§ **Your instructions**
Beginning at the line containing "7月21日寬基指數(shù)ETF現(xiàn)23.14億元資金凈流出", give again every line through the end of the data, unchanged and with both ends included. Drop any pictures.

§ **Data segment**

◆ ◆ ◆ ◆ ◆

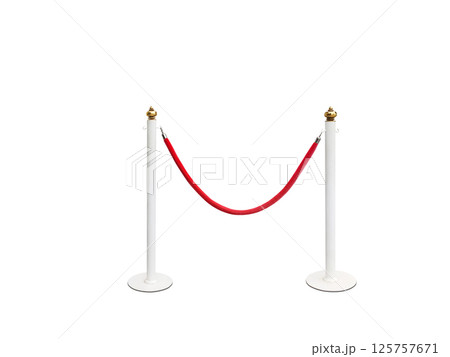 Red velvet rope fence, VIP zone, no event, separated on white background.
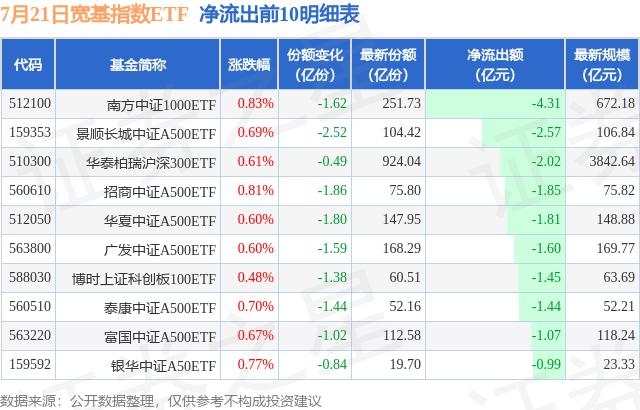 7月21日寬基指數(shù)ETF現(xiàn)23.14億元資金凈流出
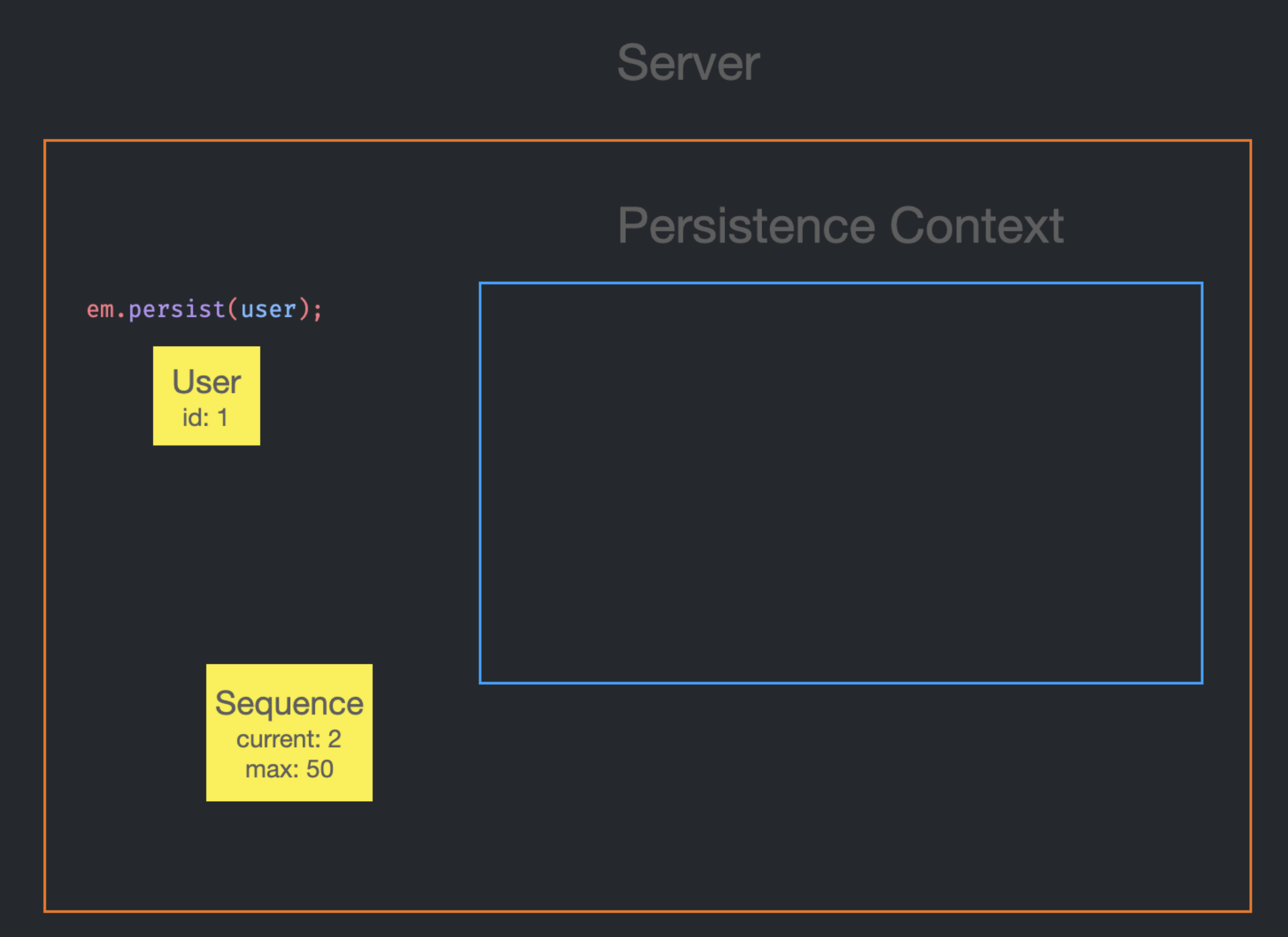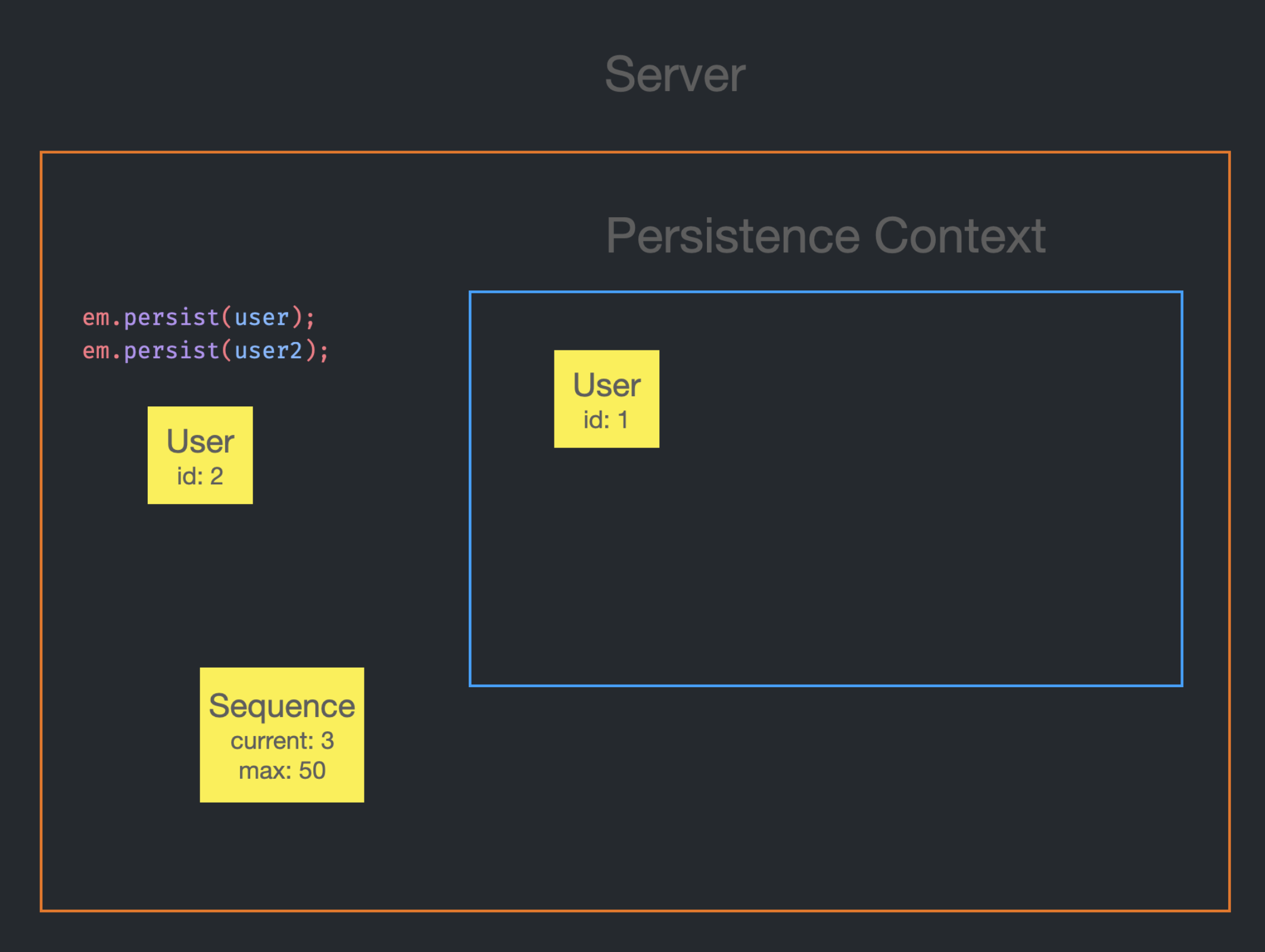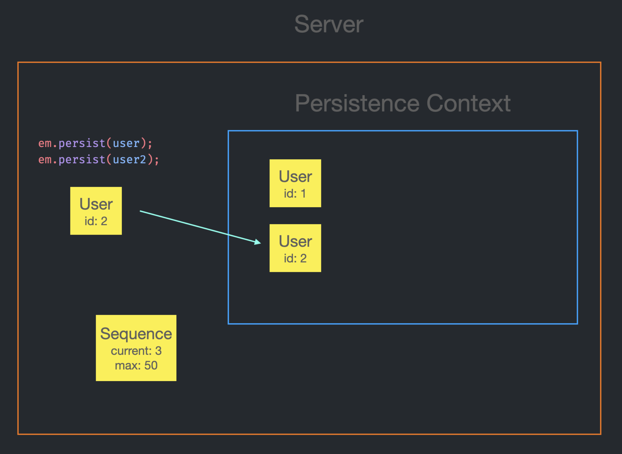 em.persist(user2) 호출 시, user2의 id가 null인 상태였기 때문에 Persistence Context에 들어갈 수 없다. 그래서 sequence에게 currnet인 2를 받아오게 되고, id를 2로 설정한다.

◆ ◆ ◆ ◆ ◆

§ **Response below**
 7月21日寬基指數(shù)ETF現(xiàn)23.14億元資金凈流出
 em.persist(user2) 호출 시, user2의 id가 null인 상태였기 때문에 Persistence Context에 들어갈 수 없다. 그래서 sequence에게 currnet인 2를 받아오게 되고, id를 2로 설정한다.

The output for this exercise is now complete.